Imparting Soft-Biometric Privacy to Face Images
Face images are widely used in biometric recognition systems. Yet, a face image can disclose some auxiliary information (age, gender, race, ..) about the individual beyond recognition. Extracting such auxiliary information is considered a privacy violation, and our goal is to confound such information.
Speaker recognition from degraded audio samples
In this project, we are working on developing deep learning-based algorithms for extracting robust speaker dependent voice characteristics from raw audio data and audio features, such as Mel-Frequency Cepstral Coefficients (MFCC), Linear Predictive Coding (LPC), for recognizing speakers in degraded audio samples.
Fusing Face and Voice Modalities for Improved Biometric Recognition
In this project, we are developing algorithms for improving biometric recognition in videos by fusing face and voice modalities.
Presentation attack detection in biometrics
Attempting to fool a biometric system can take many forms, in this work we train a machine to recognize these attempts to further the security of these systems.
Graphical Models for Predicting Missing or Incomplete Biographic Data in Biometric Records
We create a network of biometric records containing information about person such as a face image, name, gender, or ethnicity. Some records in the graph have missing information while some records are correct. We use the graph structure to infer missing information from the correct records.
Relativistic Discriminator: A One-Class Classifier for Generalized Iris Presentation Attack Detection
Presentation attacks are a vulnerability of iris based recognition systems. In this work, we present a discriminator based approach to detecting these presentation attacks.
Attribute prediction from near-infrared ocular images
Soft biometrics, such as race, age, and eye color, provide interesting demographic information as well as a high level description of an individual. In this work, we try to gather those metrics from Near Infrared (NIR) iris images.

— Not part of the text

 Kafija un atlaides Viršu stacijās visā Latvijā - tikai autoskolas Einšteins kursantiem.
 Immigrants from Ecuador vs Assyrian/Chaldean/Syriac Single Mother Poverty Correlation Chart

Exploring the Use of IrisCodes for Presentation Attack Detection
In iris recognition, the IrisCode is the commonly used representation for the iris data used to recognize an individual. In this work we investigate if these IrisCodes can be used to detect a presentation attack.

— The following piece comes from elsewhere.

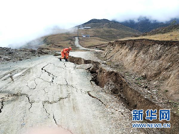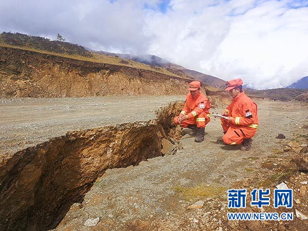 先遣隊員在波公村勘察地質(zhì)災(zāi)害情況(10月13日攝)。 新華社發(fā)(夏能 攝)

Matching Thermal to Visible Face Images Using a Semantic-Guided Generative Adversarial Network
Face recognition in spectra of light other than visible presents a unique challenge as well as great benefits. In this work we use a semantic-guided generative adversarial network (SG-GAN) to match infrared (colloquially, thermal) images to visible spectrum images.
Camera sensor identification for biometric images
Each camera sensor can be uniquely identified using the sensor noise pattern present in the images. We use the principle of Photo Response Non-Uniformity (PRNU) which captures this sensor noise pattern to identify iris sensors and also study the impact of different photometric transformations on sensor identification. Furthermore, we investigate whether the PRNU based sensor classifier can be fooled into misclassifying an image to an incorrect sensor.

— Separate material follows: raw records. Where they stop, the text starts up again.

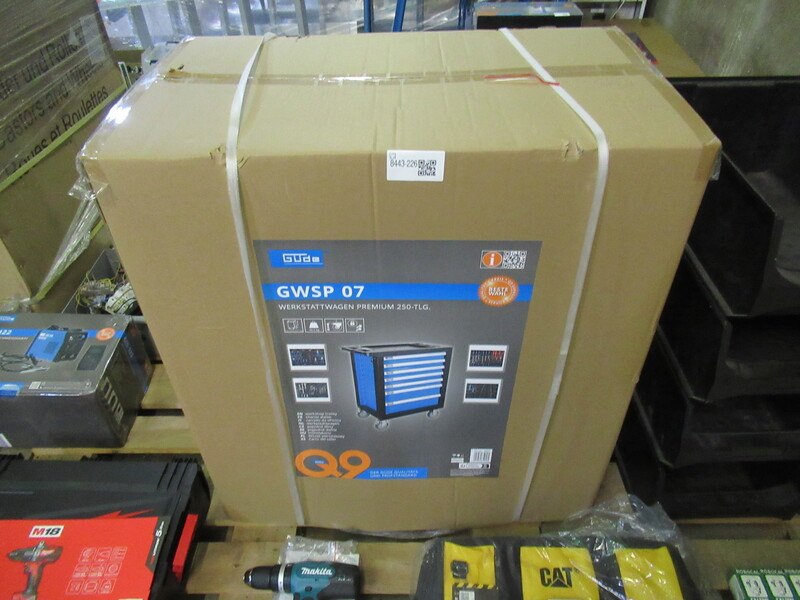 Merk: Gude Product: Gereedschapwagen gevuld Afmeting: ca. 460x683x980 mm Conditie: nieuw Specificaties: 7 laden, 250-DLG, 67,6 Kg, afsluitbaar (2 sl)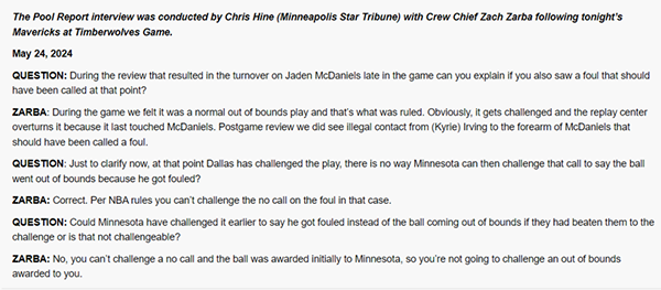 其实,在这场比赛结束后,森林狼跟队记者Chris Hine第一时间就采访了主裁扎克-扎巴,裁判也给出了相应的解释。
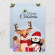 Den här vackra illustrationen av Reindeer och Penguin Jul Illustration har två favoritfigurer: en söt helgdag med en röd halsduk och en leende penguin med en julhatt. Tecknen omges av festlig inslag som en pepparkaksgubbe, polkagrisar och inslagna julklappar. Bakgrunden är blåblå med fallande snö, och överkanten omfattar hälsning "God jul". Den här teckningen är perfekt för helgdagskort och produkter som riktar sig till barn och roligt i familjen.

DeepTalk: Vocal Style Encoding for Speaker Recognition and Speech Synthesis
In this project, we are developing deep learning-based algorithms for extracting speaker-dependent behavioral speech characteristics for encoding a given speaker's vocal style. We further use the extracted behavioral speech characteristics for improving state-of-the-art speaker recognition and speech synthesis performance.
DeepVOX: Discovering Features from Raw Audio for Speaker Recognition in Non-ideal Audio Signals
In this project, we learn a deep learning-based speech filterbank, called DeepVOX, directly from raw speech audio for extracting robust speaker-dependent voice characteristics. DeepVOX is demonstrated to outperform traditional handcrafted speech features, such as MFCC and LPC, in the context of speaker verification in non-ideal audio signals.
Conditional Identity Disentanglement for Differential Face Morph Detection
Face morphing strategically mixes two or more face images such that the composite image matches successfully to all constituents in terms of biometric utility. Therefore, a morphed face image can be utilized adversarially in an identity document and poses a security threat. We propose a conditional identity disentanglement network using a GAN that not only performs differential face morph detection guided by a trusted non-morphed reference image but also recovers the second identity used in creating the morph.
One-Shot Representational Learning for Joint Biometric and Device Authentication
Smartphones often employ multi-factor authentication to ensure the authorized user is accessing a remote application, such as online banking using a registered device. It requires simultaneous biometric and device authentication. We propose an end-to-end approach to learn a joint representation that encapsulates biometric and sensor (device) identities from a single biometric image.
Image-level Iris Morph Attack
In this project, we explore morph attacks as a security threat to iris recognition systems. The attack associates a single morphed image to two or more different identities, violating the fundamental uniqueness property of biometric systems.
We develop a specialty lookalike disambiguator used in conjunction with a general-purpose face matcher to improve face identification. The disambiguator network is trained on lookalike face images, i.e., those faces which a general-purpose face matcher struggles to correctly distinguish.